*Data below*
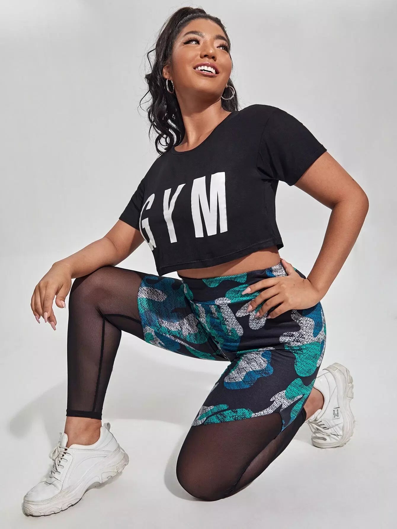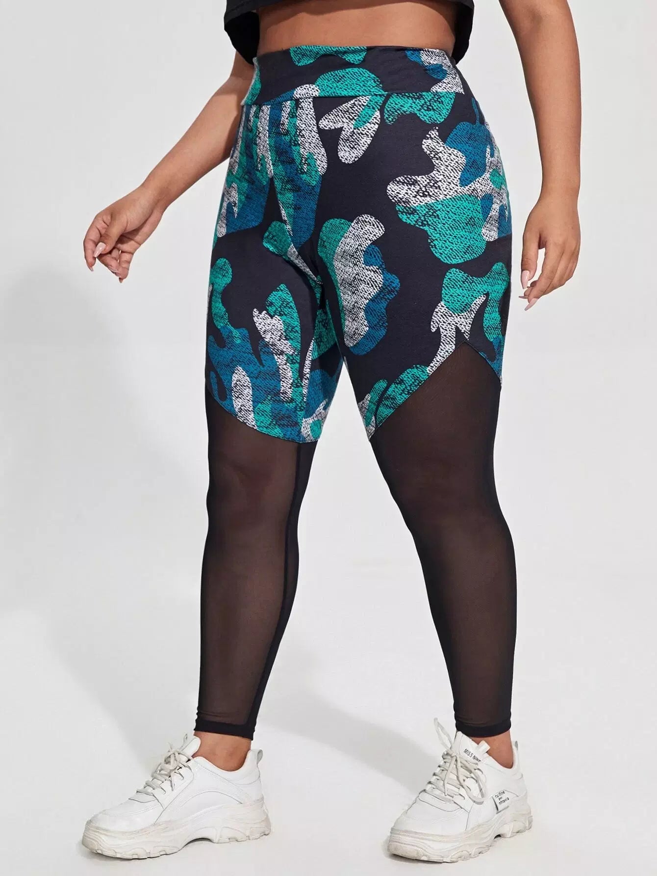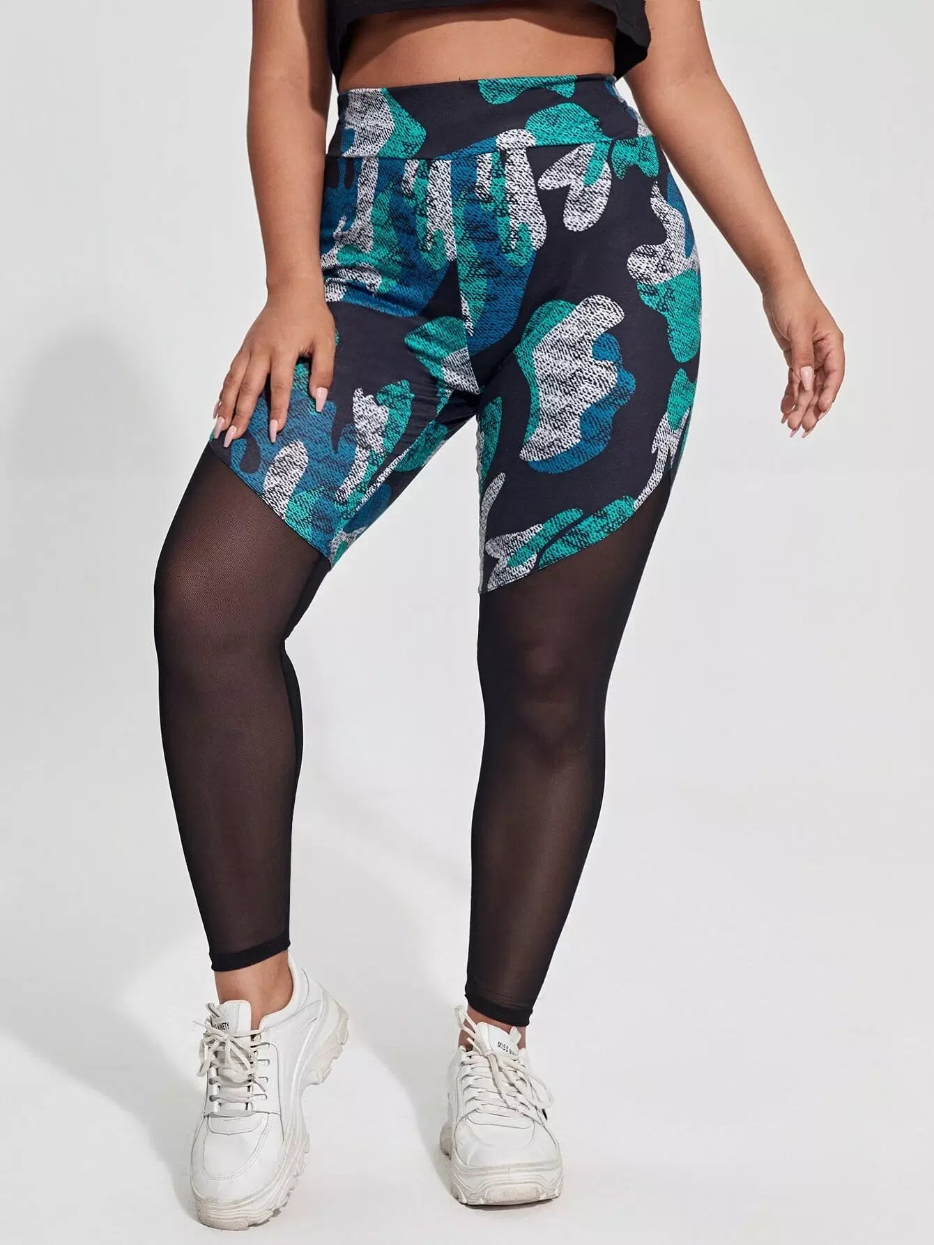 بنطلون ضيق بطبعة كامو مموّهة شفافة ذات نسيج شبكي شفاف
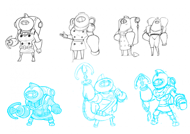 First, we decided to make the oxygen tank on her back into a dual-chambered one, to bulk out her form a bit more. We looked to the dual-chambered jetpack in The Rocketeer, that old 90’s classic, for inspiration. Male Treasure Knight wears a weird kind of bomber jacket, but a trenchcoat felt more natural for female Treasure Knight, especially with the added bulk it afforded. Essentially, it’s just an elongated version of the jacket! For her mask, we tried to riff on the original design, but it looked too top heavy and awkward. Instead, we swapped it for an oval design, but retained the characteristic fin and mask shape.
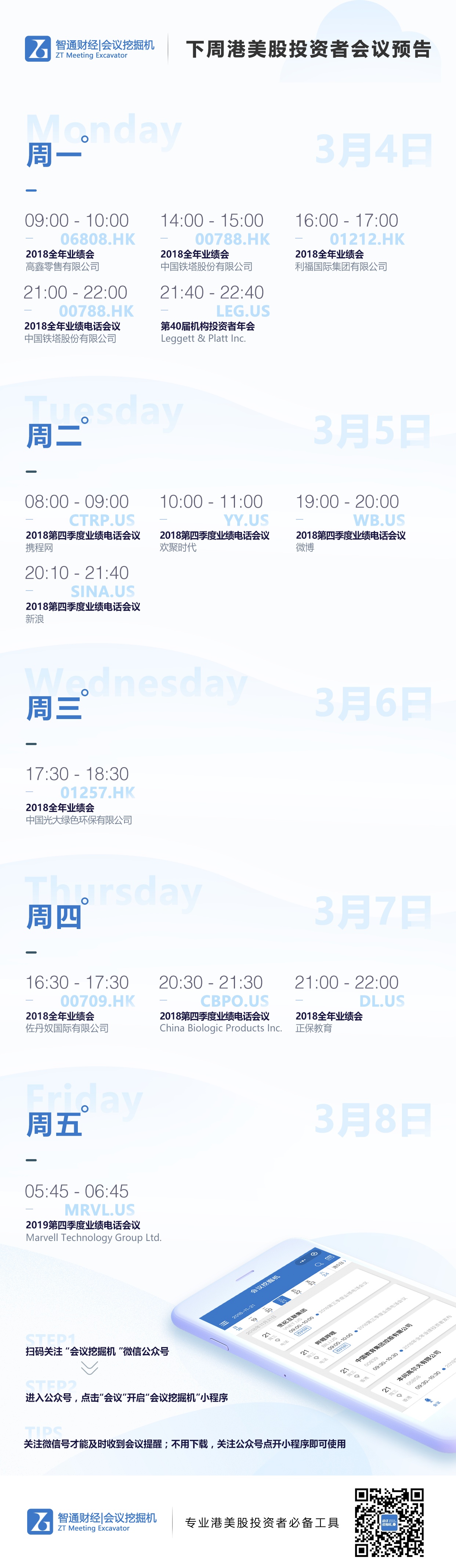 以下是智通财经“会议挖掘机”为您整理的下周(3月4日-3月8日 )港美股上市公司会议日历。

*Required action*
From the first line to the last, copy the listing above exactly, dropping all images.

*Final answer*
 بنطلون ضيق بطبعة كامو مموّهة شفافة ذات نسيج شبكي شفاف
 First, we decided to make the oxygen tank on her back into a dual-chambered one, to bulk out her form a bit more. We looked to the dual-chambered jetpack in The Rocketeer, that old 90’s classic, for inspiration. Male Treasure Knight wears a weird kind of bomber jacket, but a trenchcoat felt more natural for female Treasure Knight, especially with the added bulk it afforded. Essentially, it’s just an elongated version of the jacket! For her mask, we tried to riff on the original design, but it looked too top heavy and awkward. Instead, we swapped it for an oval design, but retained the characteristic fin and mask shape.
 以下是智通财经“会议挖掘机”为您整理的下周(3月4日-3月8日 )港美股上市公司会议日历。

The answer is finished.